We live on a rather large lake, with an abundance of water birds. We love it, but Joey doesn't seem to be happy with the birds. At the moment there are a couple thousand Canadian geese over on the other side, and when all is quiet we can hear their chatter. Joey seems to tolerate that, but when he hears them as they are flying over, he freaks out and starts screaming. We're talking the loud, piercing, 'I'm about to be murdered' type of screaming. 
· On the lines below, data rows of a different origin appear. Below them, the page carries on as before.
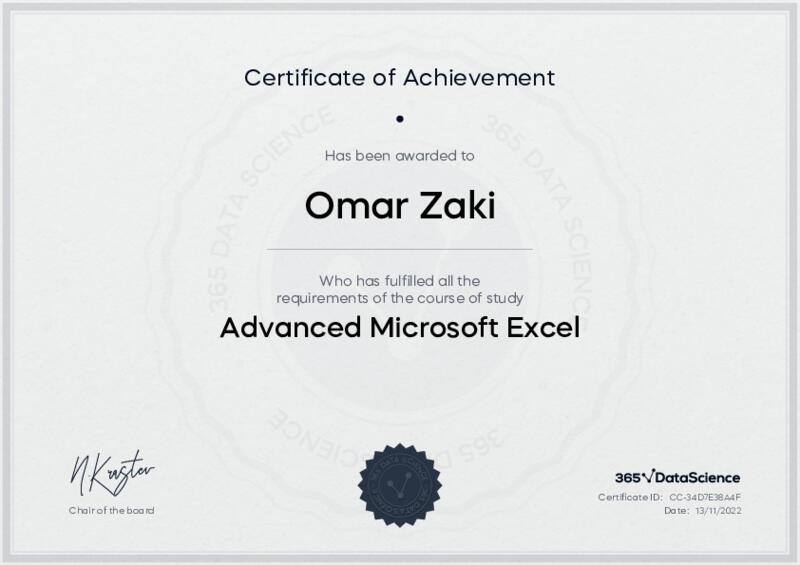 This user has been awarded the Advanced Microsoft Excel Certificate for successfully completing the course exam. Holding this certificate demonstrates their proficiency on the topic and signifies they are qualified to apply their newly acquired expertise in the fields of data analytics and data science.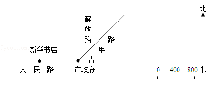 (2)“世纪大道”与解放路垂直相连,在解放路西、人民路北与人民路相距1000米,请作图表示出“世纪大道”.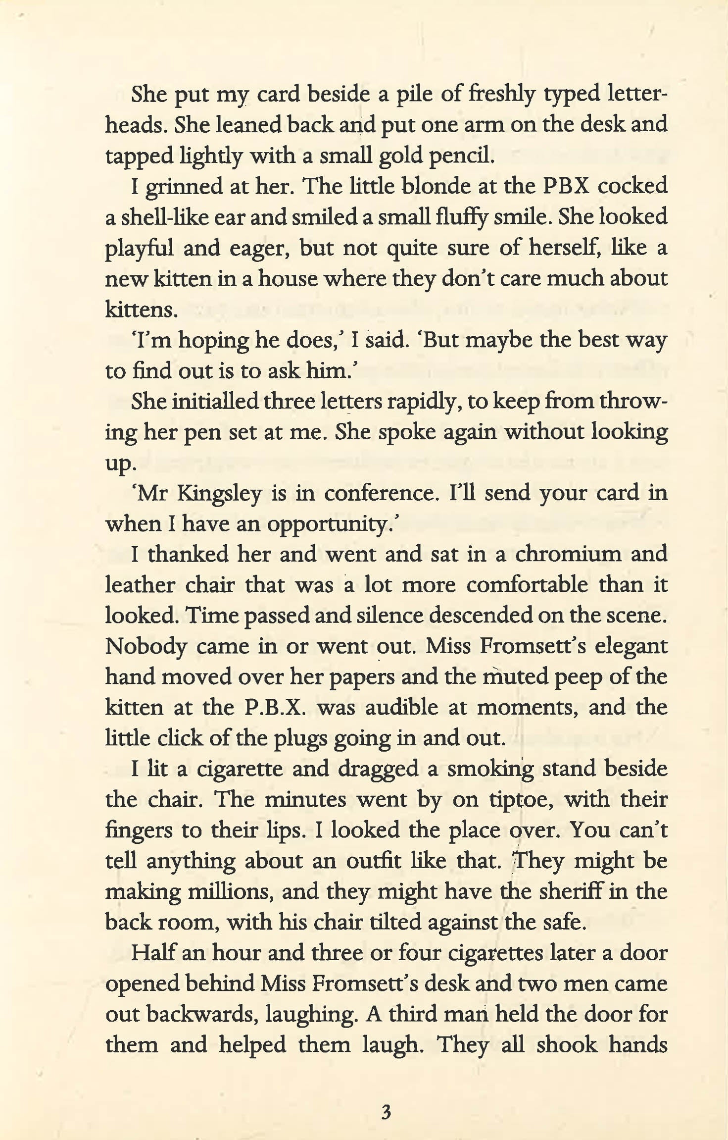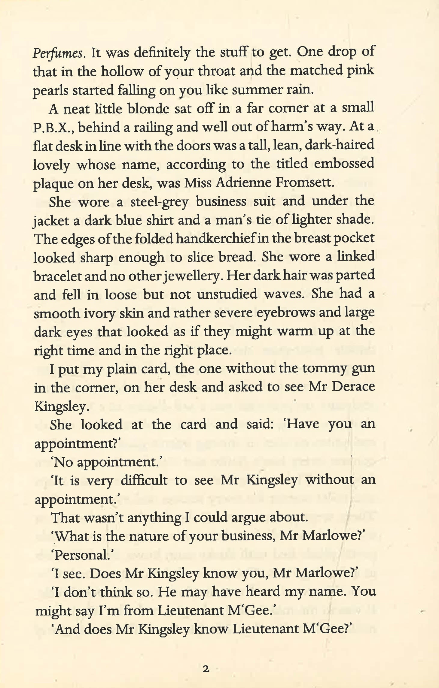 A couple of missing wives one a rich man's and one a poor man's?become the objects of Marlowe's investigation. One of them may have gotten a Mexican divorce and married a gigolo and the other may be dead. Marlowe's not sure he cares about either one, but he's not paid to care.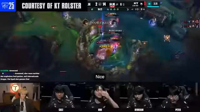 14:12:46T1 gewinnt einen Trade gegen KT, obwohl Doran zu aggressiv agiert und zwei Spieler verliert. Doran versucht zu viel und stirbt unter dem zweiten Turm, was KT neue Hoffnung gibt. Trotzdem bleibt T1 im Vorteil, da Owner im gesamten Worlds-Turnier eine starke Leistung zeigt. Guma Yuzi wird für seine Miss Fortune-Performance gelobt, die entscheidenden Schaden verursacht. Die Telecom Wars zwischen SKTT1 und KT finden im finalen Spiel eine neue Iteration, wobei Guma als Difference Maker hervorgeht. T1 terrorisiert die Botlane und zerstört Inhibitoren, während BDD Level 16 erreicht. KT versucht, den Nash zu verteidigen, während T1 die Soul in Betracht zieht. Trotz Dorans wiederholter aggressiver Plays bleibt T1 im Vorteil. T1 nimmt den Drake und damit die Seele, während KT sich auf Nash konzentriert, um die Worlds zu entscheiden. T1 gewinnt das Spiel und sichert sich den Weltmeistertitel, während Fakers Tränen ausbleiben. Doran feiert seinen ersten World Twin, und T1 setzt seine Dominanz fort.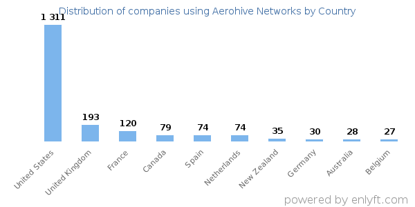We have data on 2,216 companies that use Aerohive Networks. The companies using Aerohive Networks are most often found in United States and in the Information Technology and Services industry. Aerohive Networks is most often used by companies with 50-200 employees and 10M-50M dollars in revenue. Our data for Aerohive Networks usage goes back as far as 9 years and 11 months.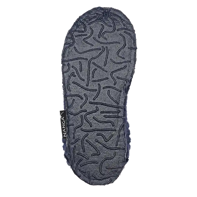 Perfect fit, rigorously tested, filled with warmth and comfort for your little ones, providing perfect support. The natural rubber sole guarantees no slipping or color transfer, regardless of the surface. This new Nanga model is always a perfect fit! Whether at kindergarten, at home, or at a friend's house, Nanga keeps feet well-protected and prevents sweating. Only Nanga's completely elastic, genuine, and patented latex sole guarantees the natural rolling motion of the foot. This model is available in sizes 24 to 42. Nanga uses only 100% pure organic virgin wool combined with 100% natural latex, making it a truly natural product.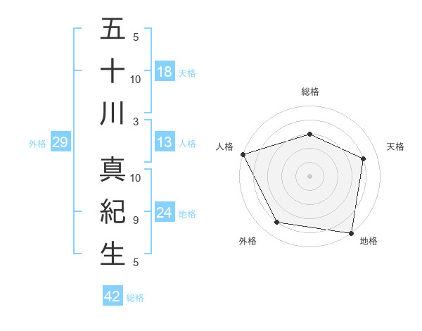 五十川 真紀生さんの総格は42画の3点!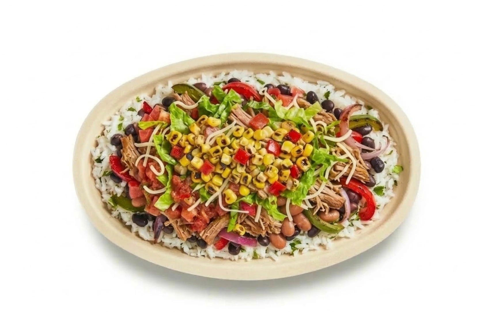 Slow-braised carnitas served over white rice with pinto or black beans, tomato salsa, roasted corn salsa, sour cream, fajita veggies, cheese, and romaine lettuce.
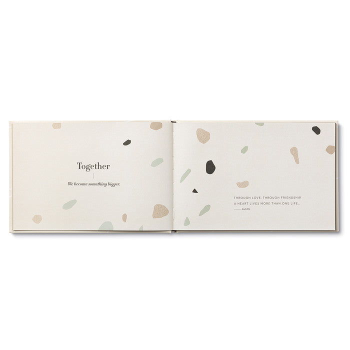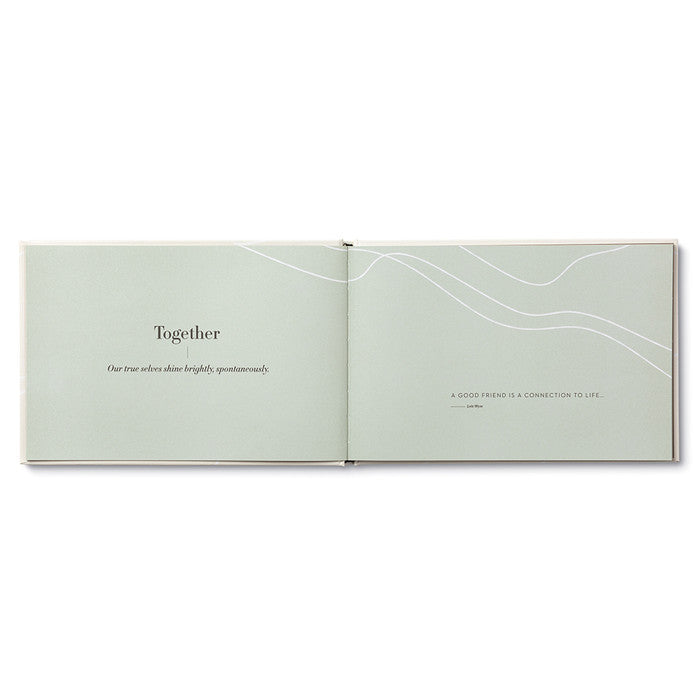This is a celebration of the power of "we." Combining thoughtful quotes and honoring sentiments, this elegant friendship book is a sentimental gift to share between friends, allies, partners, coworkers, volunteers-those special people with whom we make the world better.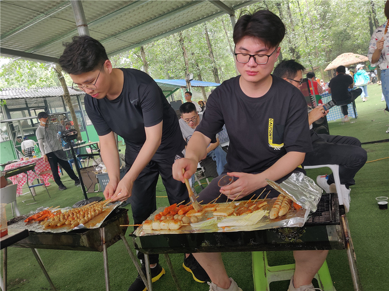 在旅游觀光車的導引下,我們順利到達了清清燒烤莊園。團建過后,自然而然到了午餐時間,大家都迫不及待地組團開飯,小伙伴們不緊不慢地配合著,忙得不亦樂乎。酒足飯飽以后,大家各自行動,玩起了打牌、狼人殺、卡丁車、越野車等游戲。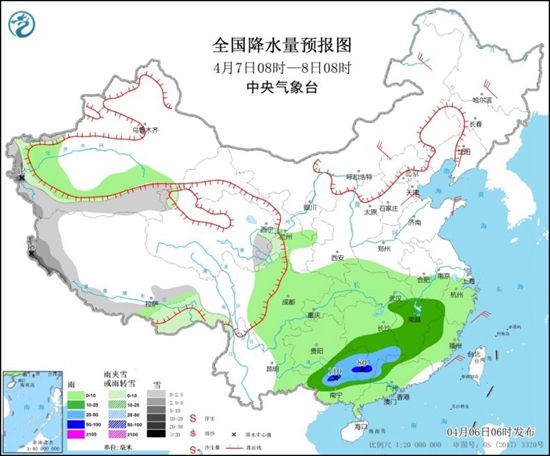 明天,江南中部和南部、华南北部和西部等地部分地区有中到大雨,其中,广西中部等地部分地区有暴雨或大暴雨。新疆南疆西部山区、西藏西部和南部、青海东部、甘肃南部等地部分地区有小雪或雨夹雪,其中,新疆南疆西部山区、西藏西部等地部分地区有中到大雪,局地暴雪。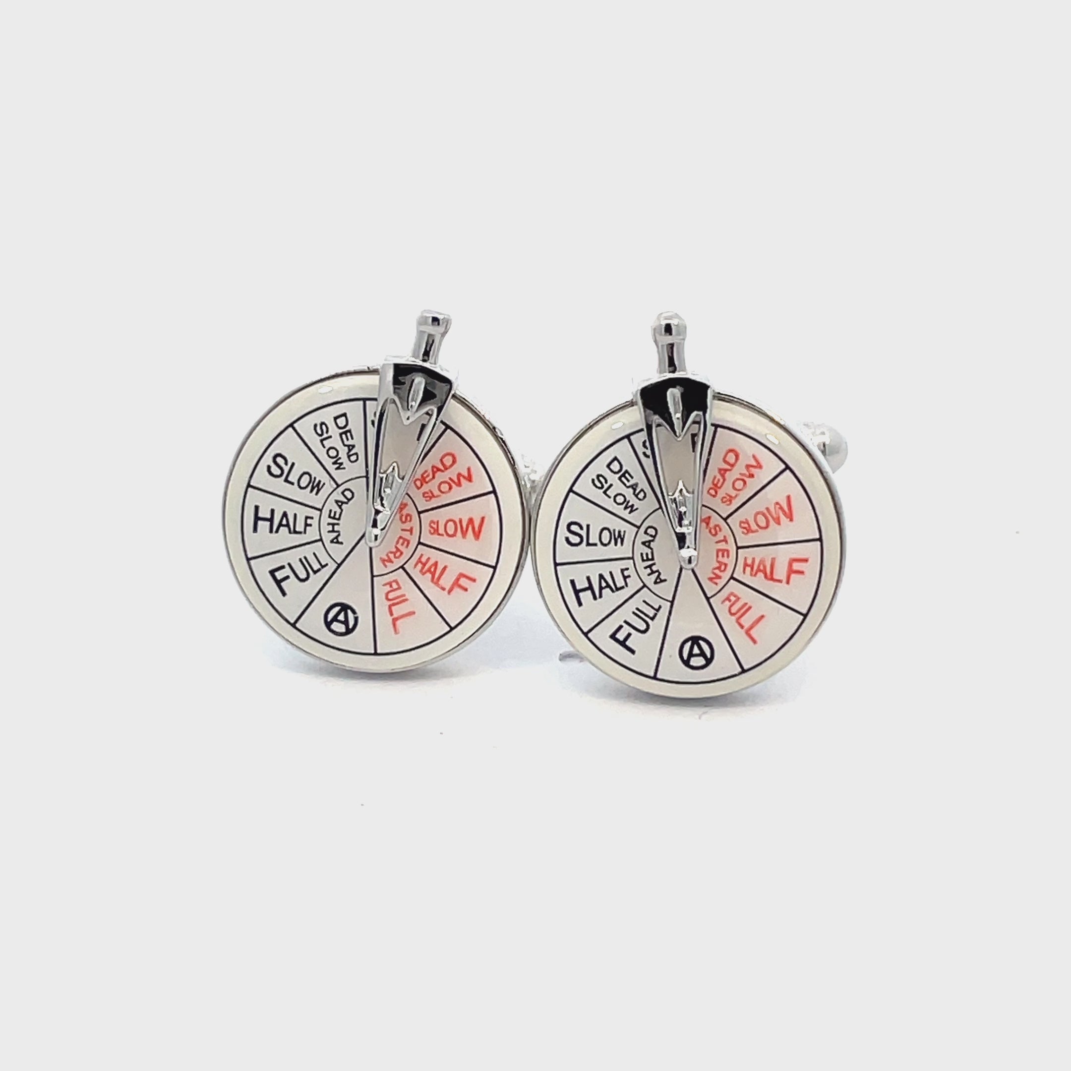 Set sail in style with these Ship Telegraph Cufflinks featuring a classic engine order telegraph design. The handle and bold black and red lettering capture the charm of vintage maritime controls. A perfect gift for nautical enthusiasts, sailors, or lovers of unique statement pieces. (Handle does not move) Finished in enamel and shiny rhodium plating.

We want him happy and calm living here, and don't want the neighbors to be upset, so we are looking for ways to get him to relax and know that the outside birds aren't going to hurt him. He didn't do it from the beginning, but has only started in the last couple weeks, with the extra geese we seem to have these days. Before there were so many, when they would be loud, I would talk to him telling him they were geese and they were outside and use calm tones to assure him. Now he screams so loud he can't hear me talking to him. This happens a few times a day. My heart goes out to him for his fear, but at the same time, he needs to learn he is safe. 

Any ideas?


----------



## roxy culver (May 27, 2010)

I don't think its fear since their calling doesn't scare him. Sounds like he's trying to tell them where he's at (flock calling, but loudly because they never respond back to him.) Maybe playing a radio in his room that is loud enough he can't hear them and be upset may help? The only desensitizing I know of is to expose them continuously to the sounds but that would mean lots of screaming for you too.


----------



## TamaMoo (Jan 12, 2014)

I didn't think of it as flock calling with them being different birds. Duh, Tam.  That makes sense. Living where we do, he is going to be continuously exposed and has since moving here, so if it is only recent, it makes sense to be the flock call. 

He is in the living room so he is with us for our awake and at home hours, but we can have a radio for him. We've been considering it anyway for while we are at work to give him company.


----------



## caterpillar (Oct 14, 2013)

TamaMoo said:


> I didn't think of it as flock calling with them being different birds. Duh, Tam.  That makes sense. Living where we do, he is going to be continuously exposed and has since moving here, so if it is only recent, it makes sense to be the flock call.
> 
> He is in the living room so he is with us for our awake and at home hours, but we can have a radio for him. We've been considering it anyway for while we are at work to give him company.


Our bird flock calls to crows outside and they respond -- they DEFINITELY flock call to different species (as well as to humans).


----------



## TamaMoo (Jan 12, 2014)

Now that I realize he is calling the outside birds, I have been listening and am hearing that some are calling back. He had a bit of a chatter with a bird on the balcony a couple days ago.


----------